## [TASK STATEMENT]
Once the line with "金海集團董事長高翔與上半年優(yōu)秀員工合影" is found in the entries below, print it and each following line exactly, stopping after the line with "rám a pojezd |"; print nothing else.

## [DATA TO PROCESS]
Start of Block

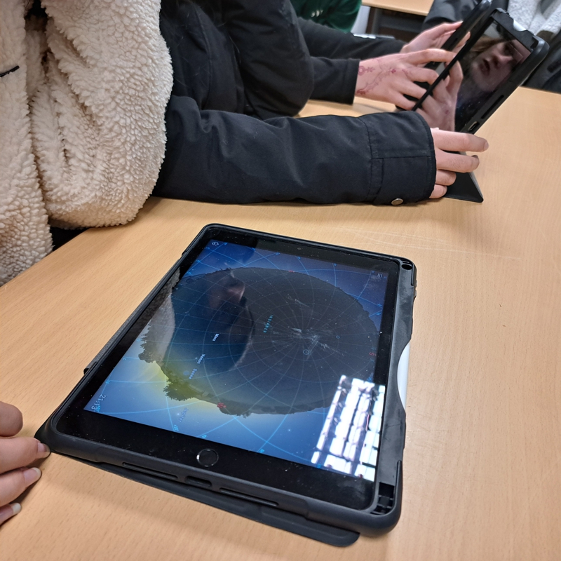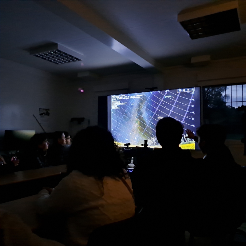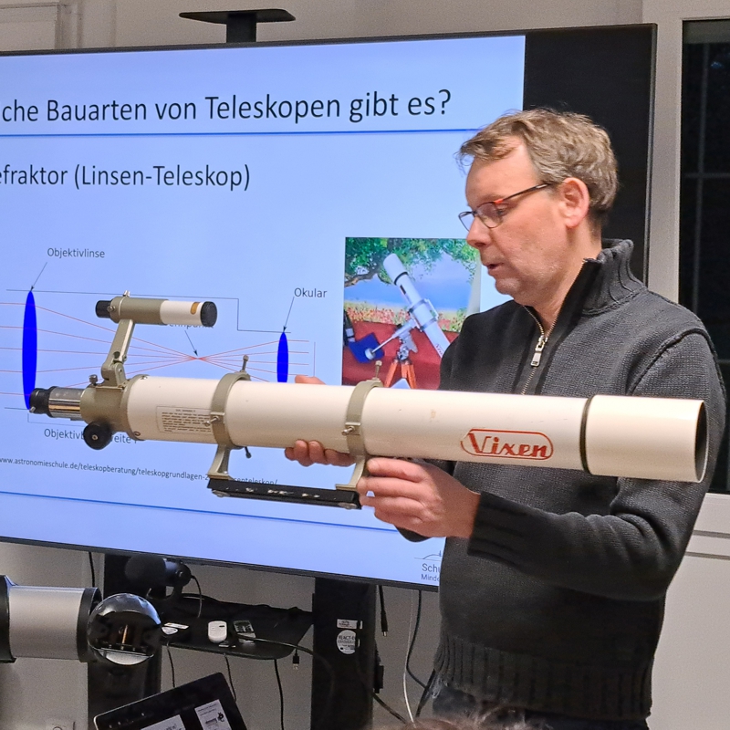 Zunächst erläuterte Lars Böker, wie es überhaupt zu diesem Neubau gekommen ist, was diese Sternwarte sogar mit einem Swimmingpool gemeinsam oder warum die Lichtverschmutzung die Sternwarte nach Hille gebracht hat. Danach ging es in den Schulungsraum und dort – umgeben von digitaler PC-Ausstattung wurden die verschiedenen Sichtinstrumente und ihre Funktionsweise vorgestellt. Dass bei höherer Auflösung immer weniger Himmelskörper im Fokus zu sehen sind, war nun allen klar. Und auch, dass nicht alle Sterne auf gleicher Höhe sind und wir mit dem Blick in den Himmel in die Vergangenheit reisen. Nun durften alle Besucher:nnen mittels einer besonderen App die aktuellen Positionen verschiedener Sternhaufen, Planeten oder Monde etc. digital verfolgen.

End of Block
Start of Block

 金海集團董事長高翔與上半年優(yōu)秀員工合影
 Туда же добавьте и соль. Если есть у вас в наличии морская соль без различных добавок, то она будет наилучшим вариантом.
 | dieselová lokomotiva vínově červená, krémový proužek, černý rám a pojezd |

End of Block
Start of Block

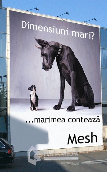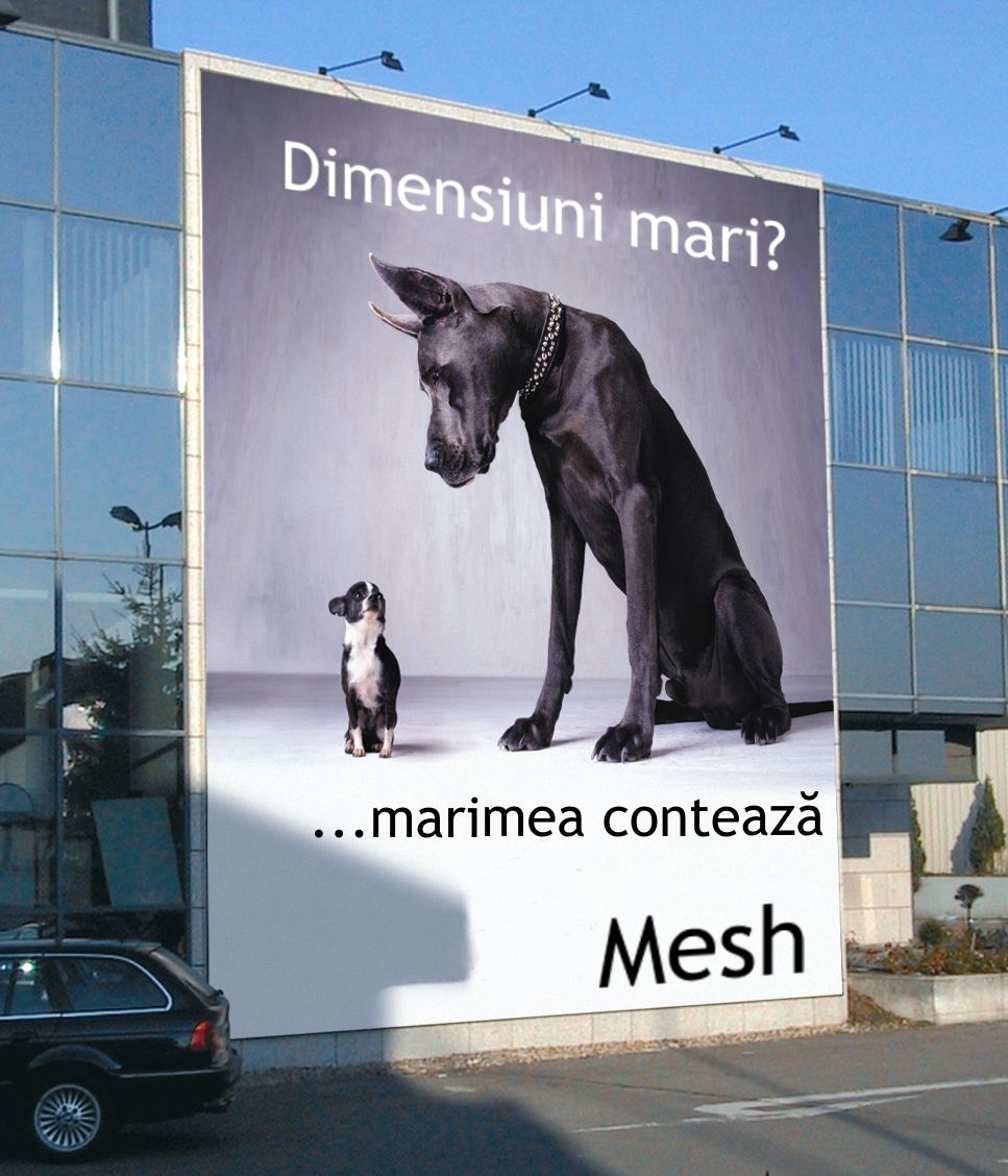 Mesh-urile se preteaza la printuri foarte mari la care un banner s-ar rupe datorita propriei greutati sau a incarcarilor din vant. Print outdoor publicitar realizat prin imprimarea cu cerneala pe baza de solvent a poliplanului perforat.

End of Block

## [EXERCISE RESULT]
 金海集團董事長高翔與上半年優(yōu)秀員工合影
 Туда же добавьте и соль. Если есть у вас в наличии морская соль без различных добавок, то она будет наилучшим вариантом.
 | dieselová lokomotiva vínově červená, krémový proužek, černý rám a pojezd |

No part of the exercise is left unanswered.